26.7.10

A indisciplina e a agressividade são defesas legítimas e necessárias para o aluno em um sistema opressor

Há muito alarde em torno dos limites e da disciplina na escola, muito alarde mesmo. Joana (nome fictício), diretora de uma escola de bairro, afirma que "o mais importante da educação são os limites" e conclui que "devem ser os mesmos em casa e na escola”.

Tal pensamento não pode ser considerado um desvario isolado, pois são muitas as pedagogas - a minoria de homens que me perdoe a hegemonia feminina na profissão - que consideram as "crianças de hoje pequenos monstros indomáveis criados por famílias desestruturadas" e a escola como tendo o papel de substituir essa família, "uma instituição falida".

É importante perceber o teor messiânico, e como tal autoritário, desse pensamento, pois ao afirmar que os limites ou regras devem ser os mesmos em casa e na escola aquela diretora defende, talvez até sem perceber, que as famílias, em suas casas, devem seguir as leis da escola, uma vez que seria inviável para a escola adotar simultaneamente as leis de todas as casas.

Do mesmo princípio autoritário decorre a relação causal estabelecida por Joana entre a educação e os limites, como se a essência da educação fosse “a capacitação para a obediência e a adequação à vigilância superior”.

Uma professora de pós-graduação na área de educação que prefere não ser identificada narra que ao facilitar encontros entre pedagogas, ouve já sem perplexidade que “tanto as práticas pedagógicas tradicionais quanto as construtivistas buscam os mesmos objetivos”, em que de forma quase unânime entre os participantes o construtivismo é definido enquanto espécie de “autoritarismo polido”.

Joana afirma que a escola que dirige é construtivista, talvez por que ser construtivista é bonito, está na moda, então a escola se diz construtivista por que os pais procuram tal palavra mágica, mas, sabendo que os pais também esperam da escola dos filhos algo parecido com o que vivenciaram há 20 ou 30 anos em suas próprias experiências, atende-os em todas as suas expectativas: denominação progressista e prática reacionária.

O confronto entre a vivência particular de uma escola e o relato de pedagogas e pesquisadores faz perceber que, talvez, não haja má fé em oferecer aos pais a mentira que desejam ouvir: a de que são construtivistas enquanto tão tradicionais quanto as freiras das escolas católicas da metade do século passado, pois é possível que boa parte das profissionais da educação acreditem, do fundo do coração, que são mesmo construtivistas.

Talvez seja necessário remover a poeira das obras de Piaget, Vygostsky e Wallon.

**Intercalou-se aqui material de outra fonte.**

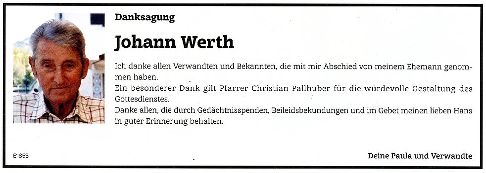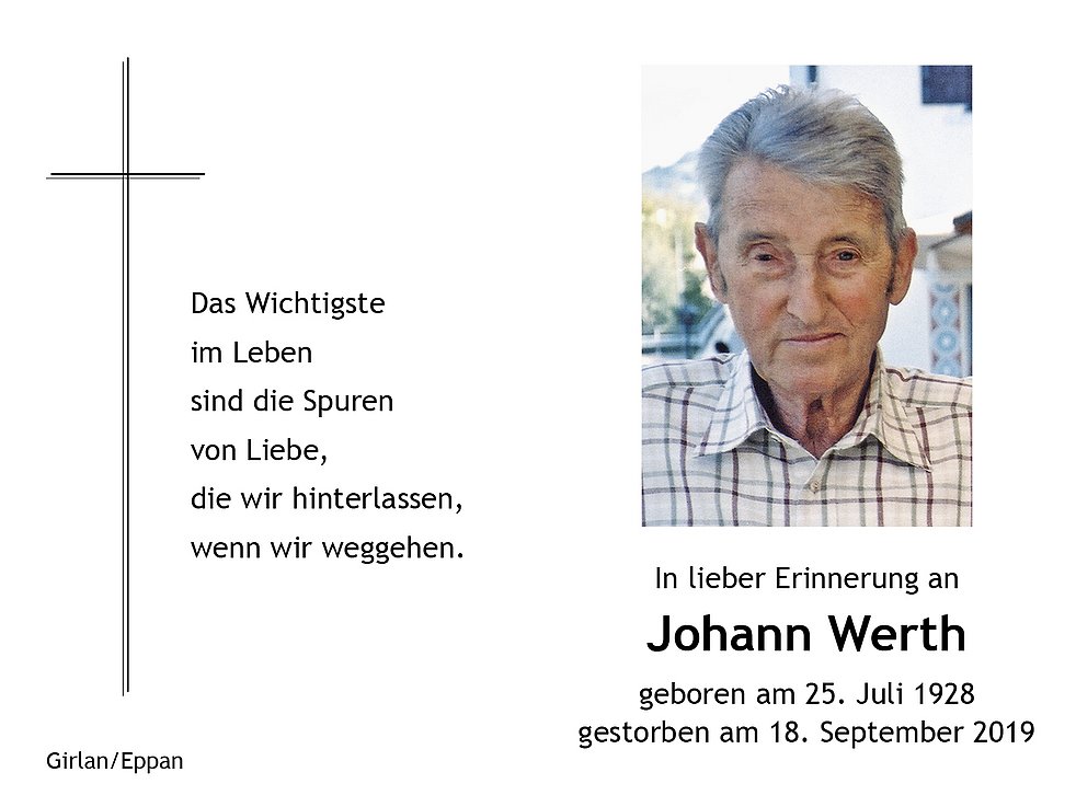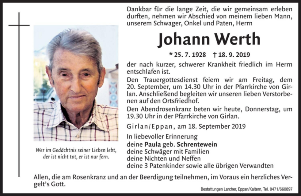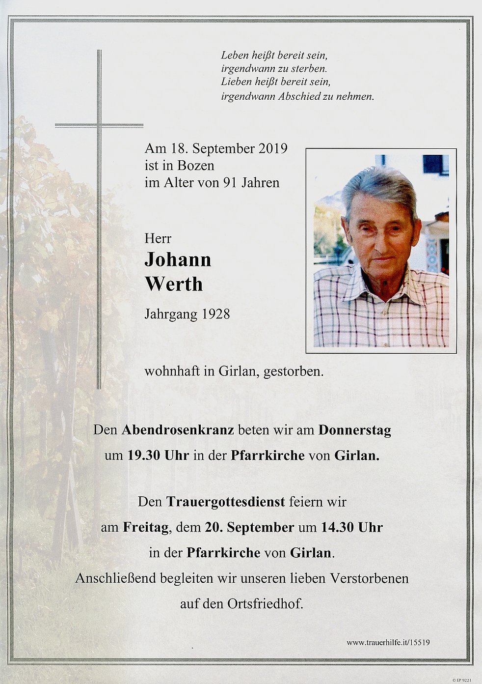 Den Trauergottesdienst feiern wir am Freitag, dem 20. September um 14.30 Uhr in der Pfarrkirche von Girlan. Anschließend begleiten wir unseren lieben Verstorbenen auf den Ortsfriedhof. Den Abendrosenkranz beten wir am Donnerstag, um 19. 30 Uhr in der Pfarrkirche von Girlan.

Certamente seria de grande valia ir à livraria em busca de Paulo Freire ou até de Michael Foucault.

Tais leituras deveriam ser obrigatórias para a formação e a reciclagem de profissionais da educação e não são autores revolucionários, são fundantes do pensamento hegemônico atualmente nas ciências da educação.

Autores como Paulo Freire estão, apesar de tudo, esquecidos na prática da maioria das salas de aula e da maioria das escolas, sejam elas públicas ou privadas, de classe baixa, média ou rica, que se mantém, apesar de toda a reflexão publicada nos últimos 100 anos, extremamente autoritária.

Não há como esperar respeito e alteridade de alunos que aprendem com violência e autoritarismo. A indisciplina e a agressividade são defesas legítimas e necessárias para o aluno em um sistema opressor na maioria das salas de aula.

A escola tem a função de facilitar o processo de socialização do indivíduo e para cumprir com essa função numa sociedade democrática a escola tem que educar para o exercício da democracia.

Não há como ensinar crianças e adolescentes a exercer a democracia em um processo de ensino-aprendizagem autoritário, em uma vivência autoritária.

Disciplina se refere ao atendimento a determinadas normas, mas pode ser extremamente ético e relevante descumprir deliberadamente normas que não possuem legitimação e as escolas estão cheias de regras que não são legitimadas por aqueles que as deveriam seguir e que, coincidentemente, deveriam ser também seus beneficiários.

Não há como pensar em ensinar e aprender sem a coerência entre o fazer e o falar.